Ambassador Chievelor Kaave, former Attorney General of Benue State contended that we allowed a simple crisis of the management of access to water and pasture resources to develop into a national security crisis. He added, for too long, we “Culpably neglected” the pastoral community neither helping to modernise their livestock method nor encouraging their children to go to school and we are paying the price today. He lamented the silence of Federal and State Governments and violence entrepreneurs openly espouse hate and dangerous speech that push communities to further violence.

In his contribution, Dr. Abubakar Siddique Mohammed queried our narrowing of the theme to farmer-herder conflicts because while that might have been the origin of the present security dilemma, the situation has been transformed dramatically. It is now gangs engaged in rural banditry, the pillaging of communities and mass kidnapping in vast ungoverned spaces as state authority and the police and other law enforcement forces have diapered from such communities. He therefore emphasised the need for a broader approach to re-establish law and order and above all State authority in the hinterland.

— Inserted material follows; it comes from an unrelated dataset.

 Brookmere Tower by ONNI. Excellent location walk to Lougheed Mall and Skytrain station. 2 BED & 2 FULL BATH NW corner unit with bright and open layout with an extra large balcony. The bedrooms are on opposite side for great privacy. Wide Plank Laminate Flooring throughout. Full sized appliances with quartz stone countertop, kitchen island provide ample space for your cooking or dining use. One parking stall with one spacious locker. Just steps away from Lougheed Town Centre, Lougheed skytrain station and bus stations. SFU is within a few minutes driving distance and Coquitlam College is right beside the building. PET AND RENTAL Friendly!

Jane Ezirigwe from the National Institute of Advanced Legal Studies described the legal quagmire that has presented challenges to seeking practical solutions to farmer-herder conflicts. Indeed, one of the greatest difficulties in addressing and resolving issues surrounding pastoralism is the politicisation of legal regimes and the blockages to the enactment of or implementation of laws that can redress the key challenges posed. In 2016 for example, a bill was proposed – ‘‘A Bill for an Act to establish Grazing Reserve in each of the states of the Federation Nigeria to improve agriculture yield from livestock farming and curb incessant conflicts between cattle farmers and crop farmers in Nigeria’’ was thrown out. There is an emerging conflict between the constitutional principle on free movement of persons and goods and laws emerging in some States restricting movement. Some States have enacted laws or are processing bills to prevent open grazing on their territory. There are four initiatives so far in Benue, Ekiti, Taraba and Edo States. Could such laws be effective in prohibiting pastoralism, which is practiced by millions of Nigerians?

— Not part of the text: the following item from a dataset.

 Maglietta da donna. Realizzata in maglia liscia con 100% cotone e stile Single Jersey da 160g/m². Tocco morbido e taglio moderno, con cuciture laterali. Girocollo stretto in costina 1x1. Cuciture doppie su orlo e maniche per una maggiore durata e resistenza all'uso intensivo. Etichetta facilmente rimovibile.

According to Dr Ukoha Ukowe who heads an or organisation engaged in conflict management and peace building, many practical modules have been developed from all over the country that could be adopted. He called for more capacity building to draw the attention local peace activists and governments on methods they could use to stem the rise of violent conflicts in the country.The convenor of the Symposium, Mr. A. B. Mahmoud SAN, called for the development and implementation of a comprehensive policy framework on the farmers-pastoralists. The Deputy Secretary General of the United Nations, Amina Mohammed and the President of the General Assembly, Professor Tijjani Bande sent video messages stressing the global nature of the crisis generated around the farmer-herder crisis and emphasised the need to contest diversionary religious and ethnic narratives propounded to confuse people for political purposes and called for the search for objective problem-solving approaches.